Пакс непреклонен. Его голос не дрогнул. Мое сердце падает в груди, учитывая решимость в его тоне. Он не хочет продолжать наши напряженные, агрессивные неотношения. Это имеет смысл, теперь, когда выпускной не за горами. Он устал от всего этого, и я не могу сказать, что виню его. На его месте я бы, наверное, приняла такое же решение. Кому нужен такой хаос, ежедневно разрушающий их жизнь? Только сумасшедший предпочел бы продолжать идти по этому пути. Но это причиняет боль — осознание того, что эта короткая, странная связь между нами не может продолжаться.
Пакс склоняет голову, и я ничего не могу с собой поделать: я протягиваю руку и нежно провожу пальцами по свежевымытым, колючим волосам на его затылке, наслаждаясь их ощущением в последний раз. Веки Пакса, дрожа, закрываются.
— Я хочу… — говорит он, пугая меня. — Хочу… чтобы все было проще. Менее запутанно. Я хочу… большего. Я просто… — Мускул на его челюсти напрягся, отмечая его дискомфорт. Делая вдох, парень поворачивается, чтобы посмотреть на меня, двигаясь быстро, как будто срывает какой-то пластырь. — Как я и сказал. Я просто не знаю, как это сделать.
Слова, слетающие с губ Пакса — это не те слова, которые я когда-либо думала, что услышу от него. В чем он вообще здесь признается? Я качаю головой, прерывая поток вопросов.
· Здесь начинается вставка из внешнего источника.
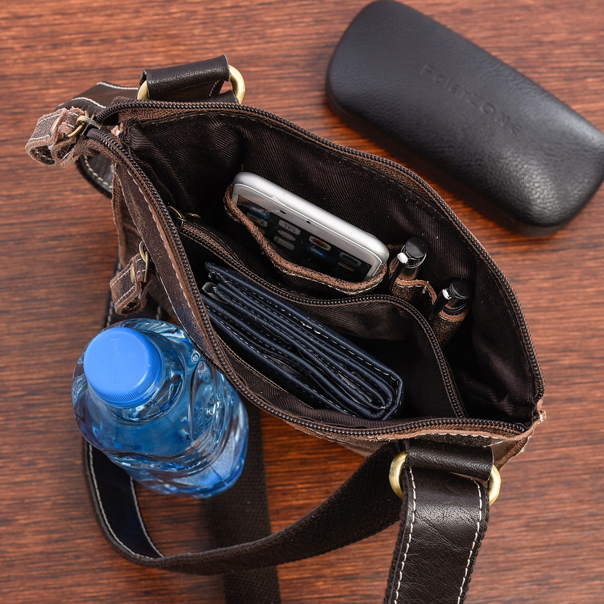 - Torba posiada mocny parciany pasek, obszyty skórą, mocowany na solidne klamry – regulowany w zakresie 90-180 cm.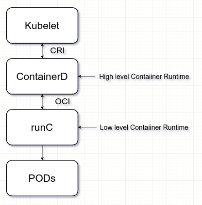 In the diagram, the ContainerD component represents a high-level container runtime. ContainerD is lightweight and designed specifically for Kubernetes. It implements the CRI, receives instructions from the kubelet and manages container images, storage and networking. However, ContainerD itself does not create containers directly. Instead, it delegates that task to a low-level container runtime.

— Подожди. Ты хочешь сказать, что хочешь большего… от меня? Со мной?
За все время, что мы целовались, трахались и дрались, как кошка с собакой, он никогда не смотрел на меня так, как сейчас. Как будто он позволяет мне увидеть его в первый раз. Показывает мне себя. Открывает трещину в непроницаемой стене — ровно настолько, чтобы я могла заглянуть за нее на человека по другую сторону.
— Да, — говорит он. — И то, и другое. Я хочу спорить с тобой и злиться на тебя. Хочу закончить нашу гребаную книгу вместе, и хочу ссориться с тобой из-за этого. А потом хочу мириться. И обнимать тебя. Защищать тебя. Я хочу чувствовать твою голову на своей груди каждую ночь, когда мы засыпаем. И из-за этого разрываюсь изнутри. Я не должен хотеть ничего из этого. Я, блядь, не знаю, как справиться с этими желаниями. Но… хочешь ли ты чего-нибудь из этого? Если сложу свое оружие, как думаешь, ты сможешь сложить свое? — Он вскидывает руки в воздух. — Черт, Чейз. Я понятия не имею, что говорю. Мне следует опуститься на одно колено или что-то в этом роде? Написать официальное письмо-приглашение? Какой-то документ с отрывной частью внизу… — Он вскакивает на ноги. — Это очень выматывает. Почему, черт возьми, все всегда так стремятся заниматься этим дерьмом? Это чертов кошмар.
Сцепив руки за головой, он обхватывает затылок и начинает расхаживать взад-вперед у изножья кровати. Бедняга выглядит так, словно у него вот-вот случится нервный срыв.
— Ну? Ты ничего не собираешься сказать? — Парень быстро смотрит на меня краем глаза, затем снова быстро отводит взгляд, как будто поддерживать зрительный контакт — это слишком.
Стена снова воздвигнута; одному Господу известно, когда он снова расколет ее для меня. Мне, вероятно, понадобится крюк, чтобы взобраться на эту чертову штуку, если я не воспользуюсь этой возможностью и быстро. Я тянусь к нему, хватая его за запястье в следующий раз, когда он проходит мимо меня. Пакс останавливается, челюсть напряжена, глаза сверкают, грудь поднимается и опускается.
— Мне действительно хочется всего этого. И я вооружилась в первую очередь только потому, что ты такой чертов… ты.
— Что это должно значить?
Я издаю задыхающийся смех.
— Злой. Ужасающий. Недоступный. Взрывоопасный.